The appeal being here, the trustee argues two other questions. The first concerns the amended proof. The proof of debt originally filed is admitted to have been defective. A substituted proof was filed by consent of the trustee more than a year after the adjudication, the facts having been agreed in the meantime and an appeal taken. It is argued that the allowance of the amendment is within § 5n, forbidding proofs subsequent to one year after the adjudication, etc. The construction contended for is too narrow. The claim upon which the original proof was made is the same as that ultimately proved. The clause relied upon cannot be taken to exclude amendments. An example similar in principle is the allowance of an amendment setting up the same cause of action after the statute of limitations has run, when the original declaration was bad. Sanger v. Newton, 134 Mass. 308. See In re Parkes, 10 N.B.R. 82; In re Baxter, 12 F. 72; In re Glass, 119 F. 509. The proceedings remained in the district court notwithstanding the appeal, and the amendment properly was allowed there. It was little more than a form, as the facts had been agreed of record, and the filing was assented to by the trustee.
A petition was filed by Otis, Wilcox & Co. asserting a lien on the proceeds of a seat in the New York Stock Exchange which formerly belonged to the bankrupts. This lien had not been insisted on by Otis, Wilcox & Co., because of their impression that they had been paid effectually. No one having changed his position on the faith of their waiver, the district court allowed the lien. The circuit court of appeals held that this portion of the decree of the district court was not subject to an appeal to the circuit court of appeals.

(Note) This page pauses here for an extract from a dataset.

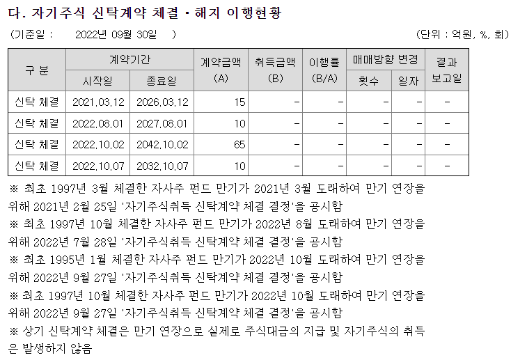 주가안정을 위해 자사주를 매입을 하려고 자사주 신탁을 맺었는데 그걸 연장한다는 얘기입니다. 근데 제가 알지 못하는 무신 내막이 있는건 아닐까요? 자사주를 매입한다는건 좋은데 계약연장만 하고 매입을 안 할 수도 있겠네요...

The argument chiefly relied upon by the appellant is that this is an intervening petition to reach a fund in court, and is not a proceeding in bankruptcy. Under the circumstances of this case, it seems to us that the petition was incident to the claim, Cunningham
v. German Insurance Bank, 101 F. 977; S.C., 4 Am.Bank.Rep. 192, and was a bankruptcy proceeding under § 2, cl. 7, within the meaning of § 25, regulating appeals in bankruptcy proceedings, and that the decree upon it was not "a judgment allowing or rejecting a debt or claim of five hundred dollars or over," within § 25a, 3, and was not an independent ground of appeal. See In re Whitener, 105 F. 180, 186; In re Worcester County, 102 F. 808, 813; In re Rouse, Hazard & Co., 91 F. 96; In re York, 4 N.B.R. 479, 483. If the question should be held to come up as incident to the appeal on the proof, Cunningham v. German Insurance Bank, we see no error in the decree of the district court. It allowed Otis, Wilcox & Co. to correct a mistake expressly made the ground of their waiver, no new rights having intervened. We deal somewhat summarily with this point, because the merits were brought before the circuit court of appeals by a petition for revision under § 24b, and were disposed of very satisfactorily, so far as appears on that petition. We find no error in the decree.